確かに戦いをしてきたわりにはかなりのエルフ達が生存していた。その代わりに物資の被害は相当なものでしばらくは軍事行動を起こせない程である。



それにが奪われた土地を奪還するために向かう兵站の道が一つも残っていないので軍勢も送ることは出来なくなった。



しかし、それは向こうも同じことで攻めてくることはないからそこだけは助かったと言えるかもしれないが。

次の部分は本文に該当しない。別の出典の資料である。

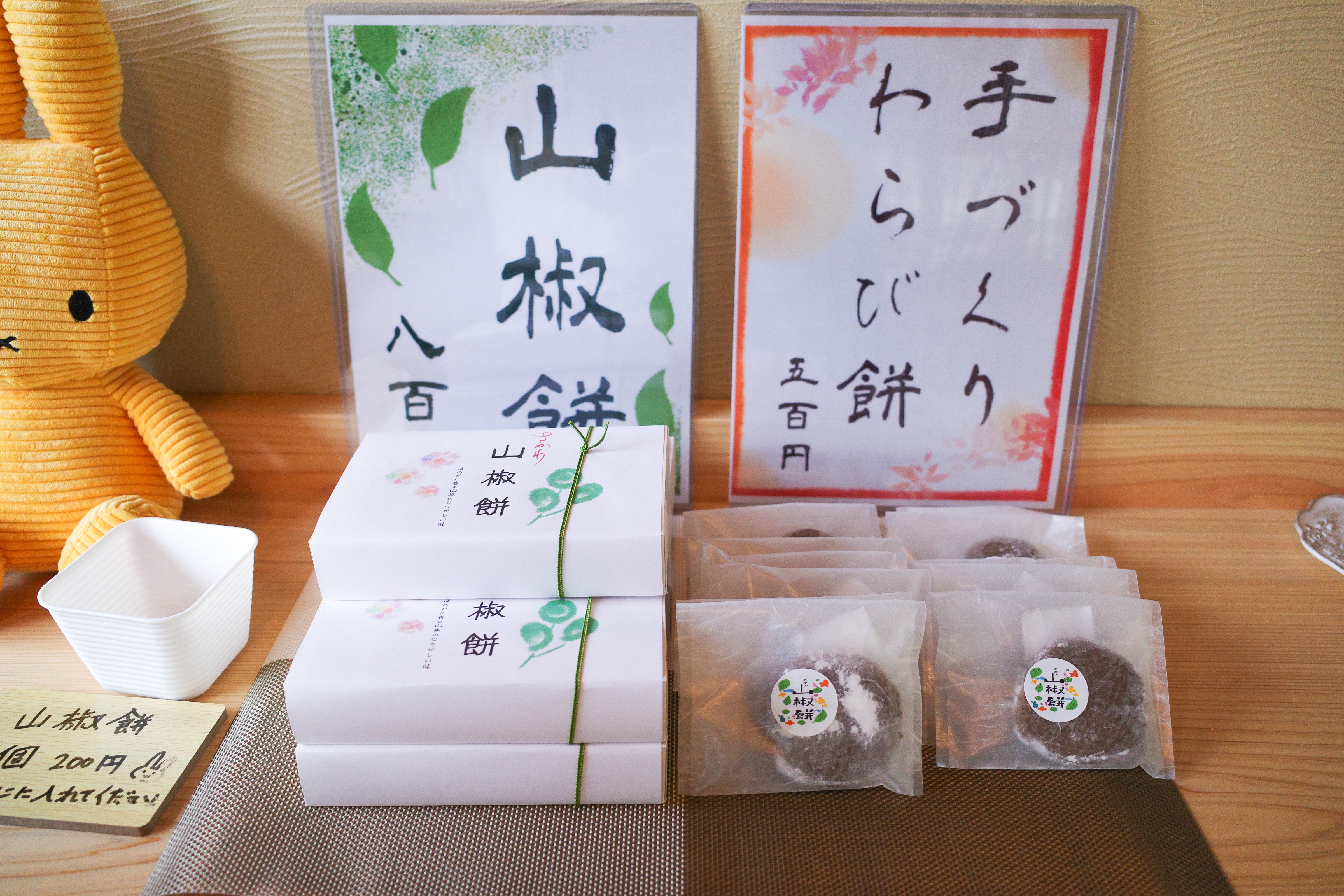お店の柱となる商品は、「わらび餅」と、佐川町の幻の名産品「山椒餅」の二つです。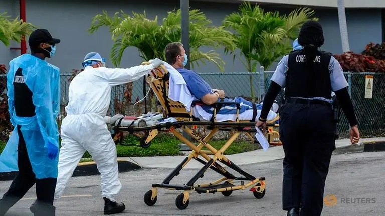FILE PHOTO: Emergency Medical Technicians (EMT) arrive with a correctional patient at North Shore Medical Center where the coronavirus disease (COVID-19) patients are treated, in Miami, Florida, U.S. July 14, 2020.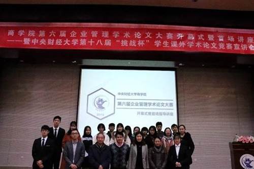 TheOpening Ceremony and first Lecture of the 6th CUFE Business School EnterpriseManagement Academic Working Paper Contest were thus successfully closed. Theresearch journey has just begun, and academic research is a lifetime pursuit.The CUFE Business School hopes that students can become outstanding talentswith global visions and a sense of responsibility and mission, and contributeunremitting efforts to academic research.

ともかく自分はせっかくの領土の奪還のチャンスを無駄にしてしまったことには変わりはなかった。



最初の戦いの褒美はなしという形でことが終えたがその後に数人、テンガ・ヒノモトの領土に潜入して当時の状況など詳しく調べさせた。



相手の事を理解しなければ次も負けてしまうと感じたので調べたらとんでもない事実が発覚した。



なんとあの時にいた兵士は僅かな一千しかおらずしかもその大半が我々の兵站に使っていた道の破壊に向かっていたために500も満たない数しかおらずその上に援軍だと思っていたあれは地元のエルフたちがやったことである。



我々に援軍が来たと思われる幻の援軍を見せていたのだ。そして追撃戦も殺すのが目的ではなくて相手の物資を多く奪い取るためにした行動だったことが理解して自分は唖然としてその報告を聞くのだった。



完全に裏をかかれたと自分は何から何までテンガ・ヒノモトに負けてしまったのだなと思い知らされた。



自分は別に才能が無いわけではないと思っているがこれは相手が天才過ぎる・・・いや、テンガ・ヒノモトは天才さえ超えてしまう鬼才かも知れないなと考えた。



それでも次に戦う時には勝つために努力は惜しまない、次はこの前の敗戦の汚名を返上させるような戦いをしなければならないと考えて自分はそれから初心に戻り軍隊の指揮を見直す事にしたのであった。



だが、これはだけは言いたい、同じ指揮官としてお見事な戦術だったとそして次は国のためにも貴方を超えてみせるとまだ見ぬ宿敵に対する評価とそしてリベンジを果たすために今日も兵法の勉強をするのだった。